**PROMPT:** Some of the lines below need repeating. Reproduce exactly those between the lines holding "Estuche multifuncional para" and "Ormai il pizzo", inclusive.

**INPUT RECORDS:**
========

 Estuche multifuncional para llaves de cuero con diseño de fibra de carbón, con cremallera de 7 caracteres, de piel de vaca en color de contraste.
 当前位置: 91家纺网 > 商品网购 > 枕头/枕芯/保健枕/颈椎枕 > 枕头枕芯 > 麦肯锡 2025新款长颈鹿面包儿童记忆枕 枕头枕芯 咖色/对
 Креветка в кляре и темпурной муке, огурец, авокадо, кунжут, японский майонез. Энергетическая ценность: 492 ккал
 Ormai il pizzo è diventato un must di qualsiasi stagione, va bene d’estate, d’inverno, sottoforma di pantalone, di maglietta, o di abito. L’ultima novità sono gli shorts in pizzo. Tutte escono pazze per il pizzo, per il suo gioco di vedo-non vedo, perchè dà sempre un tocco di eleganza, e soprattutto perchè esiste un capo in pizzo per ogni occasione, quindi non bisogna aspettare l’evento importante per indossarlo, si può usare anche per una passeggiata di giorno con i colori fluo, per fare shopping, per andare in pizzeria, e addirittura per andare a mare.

========

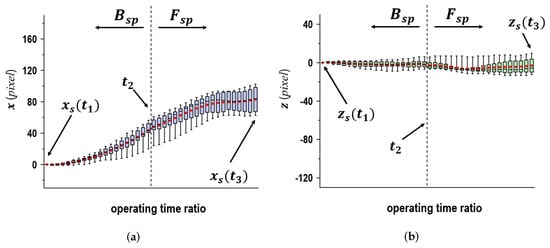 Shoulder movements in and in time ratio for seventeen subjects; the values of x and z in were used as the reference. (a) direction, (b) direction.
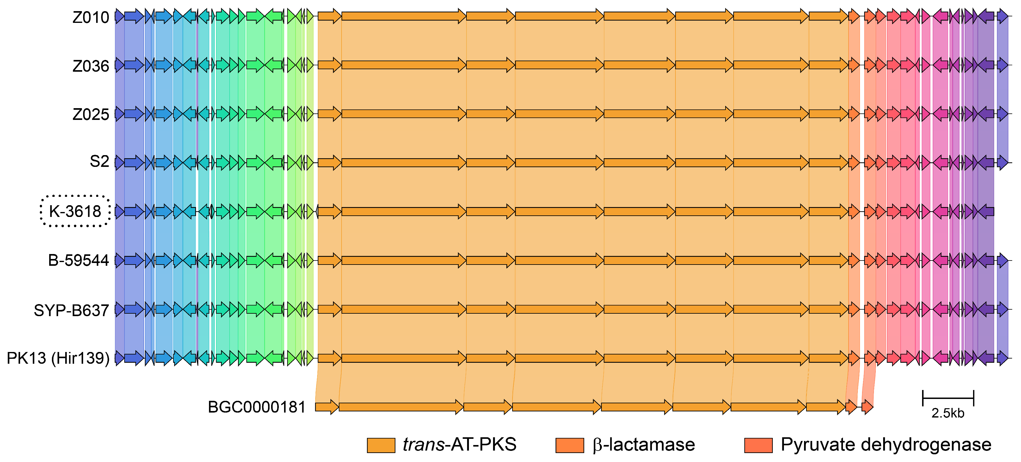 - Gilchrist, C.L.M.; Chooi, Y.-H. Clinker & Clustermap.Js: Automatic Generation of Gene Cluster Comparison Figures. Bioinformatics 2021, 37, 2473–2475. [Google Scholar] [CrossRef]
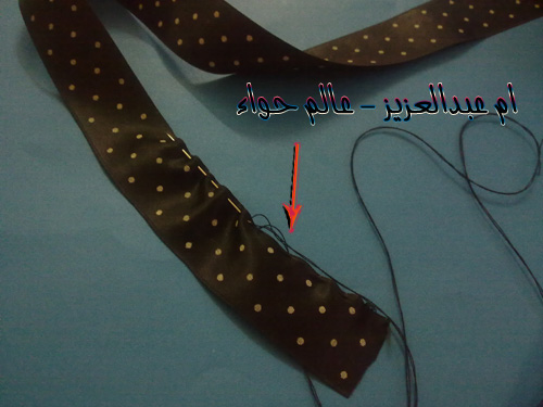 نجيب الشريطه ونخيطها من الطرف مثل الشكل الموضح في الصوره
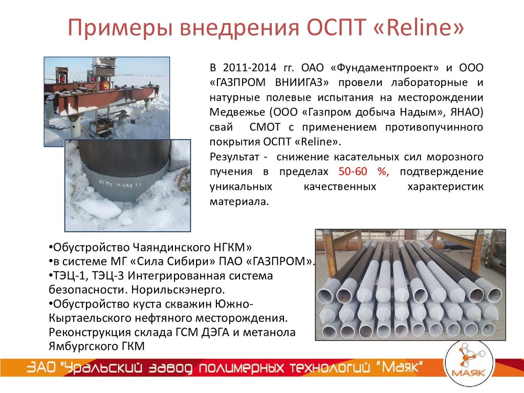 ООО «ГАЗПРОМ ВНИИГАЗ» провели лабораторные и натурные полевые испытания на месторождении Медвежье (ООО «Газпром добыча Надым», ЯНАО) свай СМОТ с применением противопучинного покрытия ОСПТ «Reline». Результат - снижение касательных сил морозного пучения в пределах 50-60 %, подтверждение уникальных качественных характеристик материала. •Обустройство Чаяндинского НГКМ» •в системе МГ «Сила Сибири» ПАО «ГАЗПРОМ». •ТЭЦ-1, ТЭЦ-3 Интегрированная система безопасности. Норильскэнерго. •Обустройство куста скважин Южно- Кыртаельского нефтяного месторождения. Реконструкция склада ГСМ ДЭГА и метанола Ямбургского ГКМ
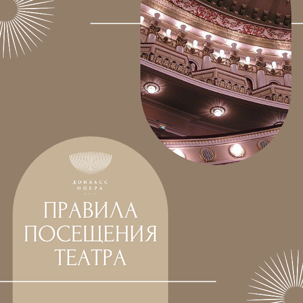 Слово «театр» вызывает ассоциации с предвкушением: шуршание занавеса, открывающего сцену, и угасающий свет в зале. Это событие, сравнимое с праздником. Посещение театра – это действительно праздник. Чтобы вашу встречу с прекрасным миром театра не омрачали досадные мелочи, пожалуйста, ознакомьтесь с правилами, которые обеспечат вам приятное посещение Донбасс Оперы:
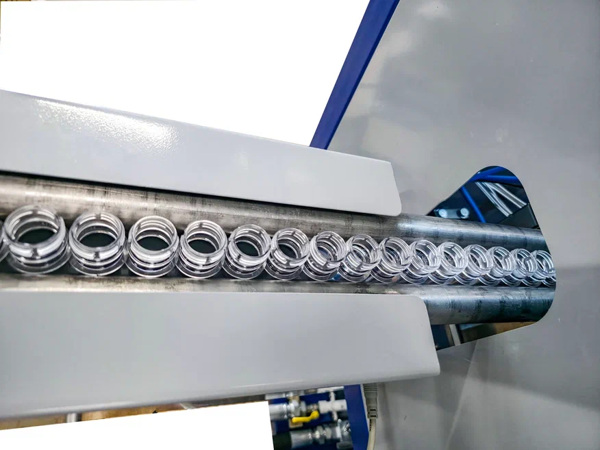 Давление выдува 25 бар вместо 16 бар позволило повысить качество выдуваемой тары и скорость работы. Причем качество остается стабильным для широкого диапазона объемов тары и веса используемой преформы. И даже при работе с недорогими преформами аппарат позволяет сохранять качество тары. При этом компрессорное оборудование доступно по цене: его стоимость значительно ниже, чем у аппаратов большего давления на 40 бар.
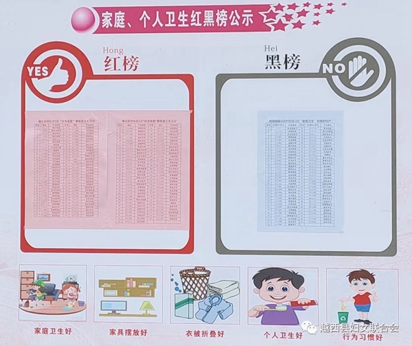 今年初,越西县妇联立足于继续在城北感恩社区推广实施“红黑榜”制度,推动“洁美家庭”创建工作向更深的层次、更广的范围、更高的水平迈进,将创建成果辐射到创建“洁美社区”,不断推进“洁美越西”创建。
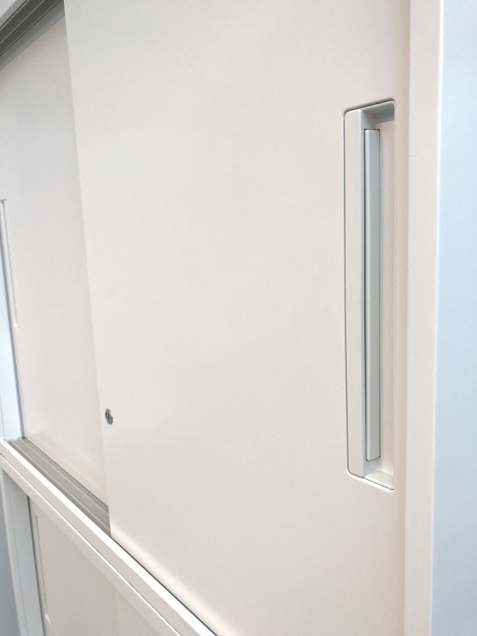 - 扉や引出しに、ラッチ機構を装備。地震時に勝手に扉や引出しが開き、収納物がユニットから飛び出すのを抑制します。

========

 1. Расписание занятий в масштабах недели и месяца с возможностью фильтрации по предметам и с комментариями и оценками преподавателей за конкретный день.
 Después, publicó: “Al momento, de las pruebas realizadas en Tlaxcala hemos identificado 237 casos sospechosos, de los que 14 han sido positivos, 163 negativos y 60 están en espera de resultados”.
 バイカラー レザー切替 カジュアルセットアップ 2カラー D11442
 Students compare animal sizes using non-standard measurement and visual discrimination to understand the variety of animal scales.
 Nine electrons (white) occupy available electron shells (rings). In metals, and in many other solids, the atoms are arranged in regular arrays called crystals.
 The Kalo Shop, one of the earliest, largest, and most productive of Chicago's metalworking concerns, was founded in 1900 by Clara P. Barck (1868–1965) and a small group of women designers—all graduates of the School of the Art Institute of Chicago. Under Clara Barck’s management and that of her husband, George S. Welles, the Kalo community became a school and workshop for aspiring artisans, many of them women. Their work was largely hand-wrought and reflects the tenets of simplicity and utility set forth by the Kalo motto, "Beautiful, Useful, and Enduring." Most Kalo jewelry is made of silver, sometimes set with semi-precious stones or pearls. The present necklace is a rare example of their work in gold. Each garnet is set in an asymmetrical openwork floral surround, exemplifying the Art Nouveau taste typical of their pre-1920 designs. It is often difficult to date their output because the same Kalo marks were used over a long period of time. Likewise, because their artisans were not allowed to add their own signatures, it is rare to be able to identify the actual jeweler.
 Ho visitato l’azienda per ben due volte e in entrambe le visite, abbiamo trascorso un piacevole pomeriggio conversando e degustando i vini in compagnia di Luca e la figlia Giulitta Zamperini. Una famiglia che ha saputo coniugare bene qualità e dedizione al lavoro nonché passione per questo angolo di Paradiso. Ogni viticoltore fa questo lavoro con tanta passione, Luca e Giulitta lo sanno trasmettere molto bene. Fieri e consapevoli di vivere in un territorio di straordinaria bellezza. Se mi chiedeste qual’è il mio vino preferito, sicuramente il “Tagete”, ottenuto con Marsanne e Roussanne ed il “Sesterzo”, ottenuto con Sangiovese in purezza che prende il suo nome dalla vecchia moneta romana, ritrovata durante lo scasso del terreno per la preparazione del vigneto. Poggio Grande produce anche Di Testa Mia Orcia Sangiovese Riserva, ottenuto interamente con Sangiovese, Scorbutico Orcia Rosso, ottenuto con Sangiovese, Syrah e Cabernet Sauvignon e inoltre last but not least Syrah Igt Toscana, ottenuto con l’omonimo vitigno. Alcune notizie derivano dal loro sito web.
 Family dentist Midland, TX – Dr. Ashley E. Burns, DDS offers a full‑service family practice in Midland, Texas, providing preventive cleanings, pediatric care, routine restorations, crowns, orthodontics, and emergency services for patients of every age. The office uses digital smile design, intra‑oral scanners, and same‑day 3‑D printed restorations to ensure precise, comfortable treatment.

========

**OUTPUT OF THE TASK:**
 Estuche multifuncional para llaves de cuero con diseño de fibra de carbón, con cremallera de 7 caracteres, de piel de vaca en color de contraste.
 当前位置: 91家纺网 > 商品网购 > 枕头/枕芯/保健枕/颈椎枕 > 枕头枕芯 > 麦肯锡 2025新款长颈鹿面包儿童记忆枕 枕头枕芯 咖色/对
 Креветка в кляре и темпурной муке, огурец, авокадо, кунжут, японский майонез. Энергетическая ценность: 492 ккал
 Ormai il pizzo è diventato un must di qualsiasi stagione, va bene d’estate, d’inverno, sottoforma di pantalone, di maglietta, o di abito. L’ultima novità sono gli shorts in pizzo. Tutte escono pazze per il pizzo, per il suo gioco di vedo-non vedo, perchè dà sempre un tocco di eleganza, e soprattutto perchè esiste un capo in pizzo per ogni occasione, quindi non bisogna aspettare l’evento importante per indossarlo, si può usare anche per una passeggiata di giorno con i colori fluo, per fare shopping, per andare in pizzeria, e addirittura per andare a mare.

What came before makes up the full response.